Question

An electron projected in a perpendicular uniform magnetic field of $3\times {10}^{-3}T$, moves in a circle of radius $4mm$. The linear momentum of electron (in $kg-m/s$) is:

• A. $1.92\times {10}^{-21}$
• B. $1.2\times {10}^{-24}$
• C. $1.92\times {10}^{-24}$
• D. $1.2\times {10}^{-21}$

Answer 1

The correct option is C $1.92\times {10}^{-24}$

Centripetal force is provided by the force $evB$.
In this situation as the angle between $\overrightarrow{B}$ and $\overrightarrow{v}$ is $\theta =90$, so the force will be maximum $(=evB)$ and always perpendicular to motion (and also field) so, the path will be a circle (with its plane perpendicular to the field) as in a circle tangent and radius are always perpendicular to each other.
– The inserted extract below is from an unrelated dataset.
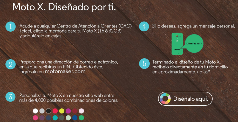 Desde hoy, los mexicanos podrán diseñar Moto X 100×100 únicos, aunque de momento el servicio estará estrechamente relacionado con la operadora Telcel. Aquellos que lo deseen, deberán ir a cualquier Centro de Atención a Clientes (CAC) de Telcel y escoger uno de los dos modelos de Moto X (en 16 o 32GB), al comprarlo, recibirán un código que deberán introducir en la web de MotoMaker.

As here centripetal force is provided by the force $evB$.
$\therefore \frac{m{v}^2}{r}=evB$
ie, $r=\frac{mv}{eB}$
As for a particle in motion, $p=mv$
$\therefore r=\frac{mv}{eB}=\frac{p}{eB}$
$\Rightarrow p=eBr$
Hence, $p=1.6\times {10}^{-19}\times 3\times {10}^{-3}\times 4\times {10}^{-3}$
$=1.92\times {10}^{-24}kg-m/s$